Computer Science, the Liberal Arts Way

Summer 2022

Covering the walls of McGregory 314 this spring, colorful Post-it notes bore statements like “I feel useless” and “I value playing well over winning” and “I don’t like not being in control.” This affinity diagram represents one of the group projects for the course Human-Computer Interaction (COSC 480), taught by Assistant Professor Nick Diana.

Assistant Professor of Computer Science Nick Diana in front of his students’ affinity diagrams. Photo by Mark DiOrio

The class has two objectives, Diana explains: “The first is understanding that human beings have certain strengths and weaknesses, and machines also have certain strengths and weaknesses. How can we build systems that complement the strengths and weaknesses of these two kinds of agents in a way that’s productive — that’s better than just a human being alone, or better than just a machine alone?” Secondly, “How do we do that in a way that is human centered? We want to create technology that actually helps people. It is not just easy to use — that’s the baseline — but it’s meaningful, it’s joyful to use … not destructive.”

Affinity diagrams are a method to glean high-level insights from user interview data, Diana explains. In the example pictured here, the students were interested in the emotions of competitive gamers. The researchers interviewed their subjects before, during, and after playing video games, taking detailed notes about the gamers’ emotional states at each period. The students then looked for commonalities across their interviews and created a hierarchy of data based on insights from those common threads. “The idea behind this model is, if you have users doing or saying the same things, then that’s probably important.”

The findings were unexpected, Diana says. The students found that the emotion the competitive gamers felt after winning a match wasn’t happiness or enjoyment, it was relief. “So this is abatement of negative emotions rather than seeking of positive emotions, which is really interesting.”

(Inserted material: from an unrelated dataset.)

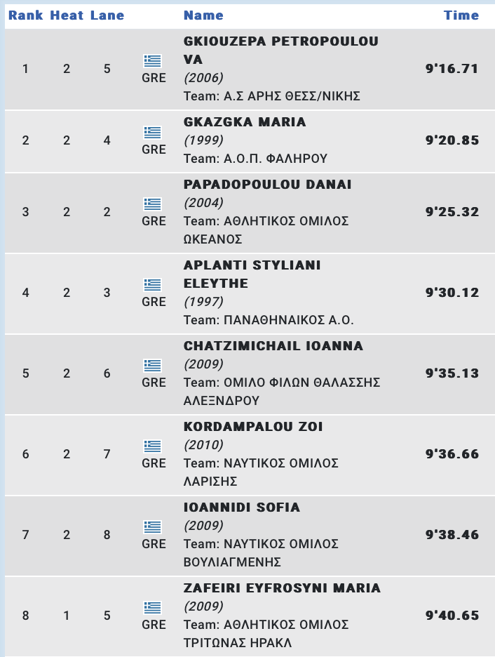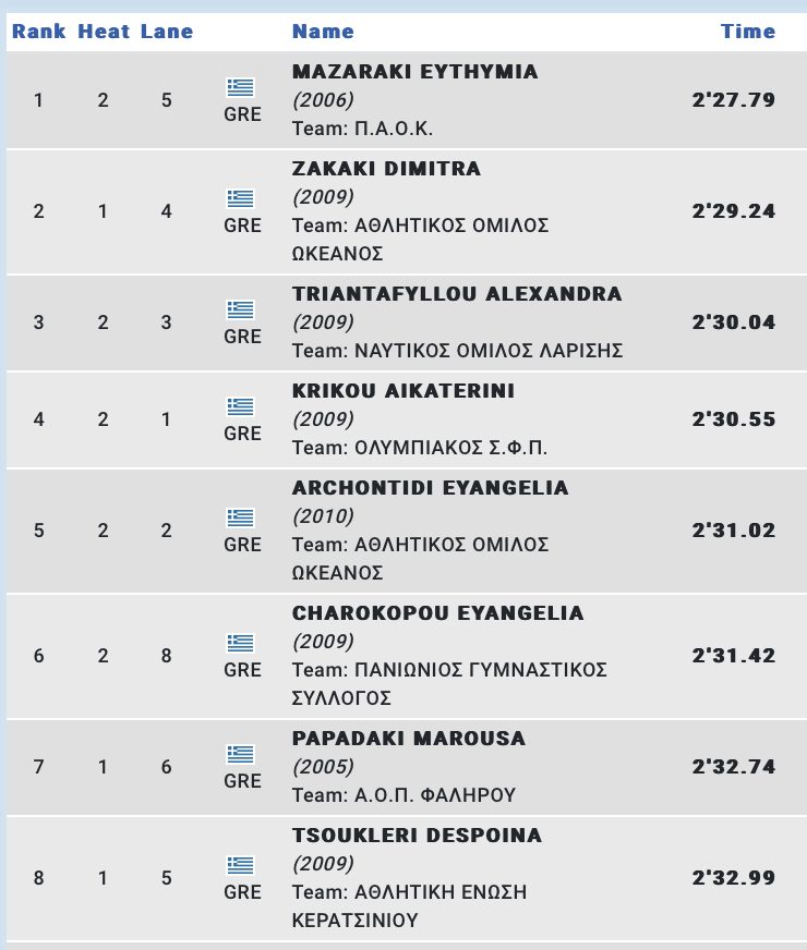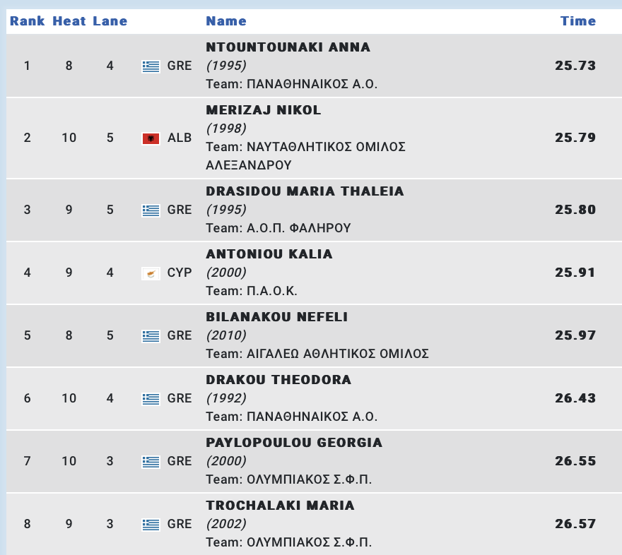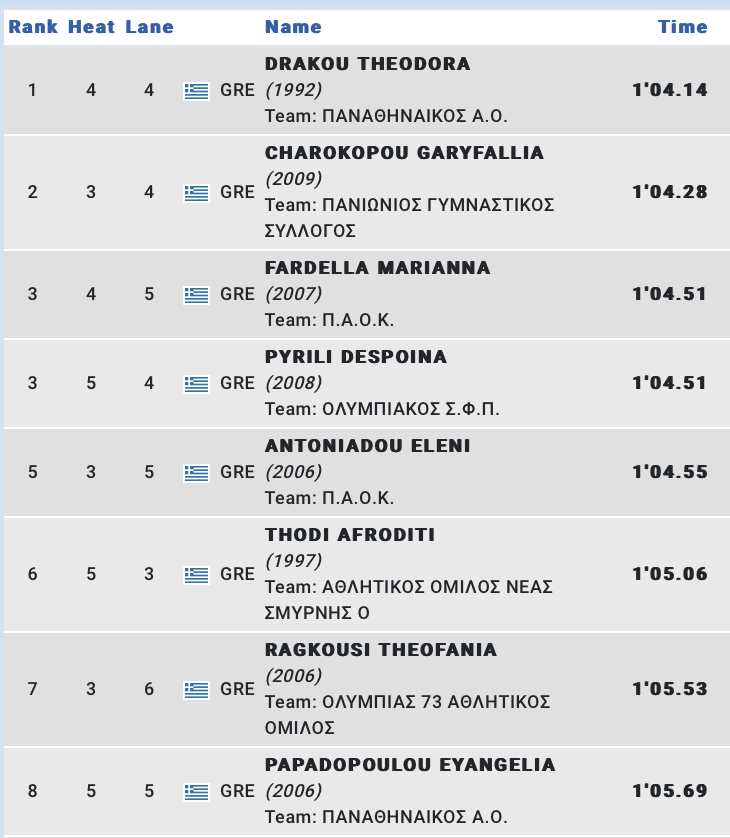 Η Νόρα Δράκου δεν πιέστηκε ιδιαίτερα το πρωί και πήρε την πρόκριση για τον τελικό των 100μ ύπτιο με τον καλύτερο χρόνο, ακουμπώντας τον τοίχο σε 1:04.14. Πίσω της ακολούθησαν οι νεάνιδες Γαρυφαλλιά Χαροκόπου, Μαριάννα Φαρδέλλα και Δέσποινα Πυριλή με χρόνους 1:04.28, 1:04.51 και 1:04.51, οι οποίες το απόγευμα θα παλέψουν για μια θέση στο βάθρο. Λίγο αργότερα, η Δράκου κολύμπησε και στον προκριματικό των 50μ ελεύθερο και εξασφάλισε διπλή παρουσία στα απογευματινά τελικά, εκεί όπου θα βρεθεί δίπλα στις επίσης κορυφαίες Άννα Ντουντουνάκη, Κάλια Αντωνίου, Μαρίλεια Δρασίδου, καθώς και τη 15χρονη Νεφέλη Μπιλανάκου και την Αλβανίδα Νικόλ Μεριζάχ.

We want to create technology that actually helps people. It is not just easy to use — that’s the baseline — but it’s meaningful, it’s joyful to use … not destructive.

Nick Diana

After the interviews, the students developed a solution and went back to the field several times to ask users for feedback. The affinity diagrams stayed on the walls throughout the semester so students could refer back to the data as they were developing opportunities for positive change. By the end of the iterative process, the students “have something that they can be pretty sure people actually want,” Diana says. “It’s a more reliable way of designing useful, meaningful technology.”

The end solution was building a “match review” interface that gamers could access between matches. “The idea is that an algorithm would churn through their gameplay data and look for common errors, then the user could watch short video clips on how to improve in the future,” Diana explains. The solution is relatively straightforward, he adds, “but this group found that, at least for competitive gamers, it was impossible to separate their emotions from their performance.” The better the gamers performed, the better they felt, so the students focused on ways to improve how users felt about their performance. “It also emphasizes some key insights [the students] found through their user research,” Diana says, “namely that these kinds of gamers care a lot about the nitty gritty details of their performance and only have the mental bandwidth to process this kind of feedback after the match is over.”

He views the class as a bookend for the students’ computer science education. Because it is a high-level course taken by upperclass students, they’ve completed their core liberal arts education and have spent their last couple of years becoming computer science experts. “My course asks, ‘How do we circle back to that liberal arts education? How do we apply those skills in my domain of expertise?’” he says. “I think the course injects some humanity into computer science, and hopefully they’ll take that with them when they build new technologies … so they can do so in a responsible and human-centered way.”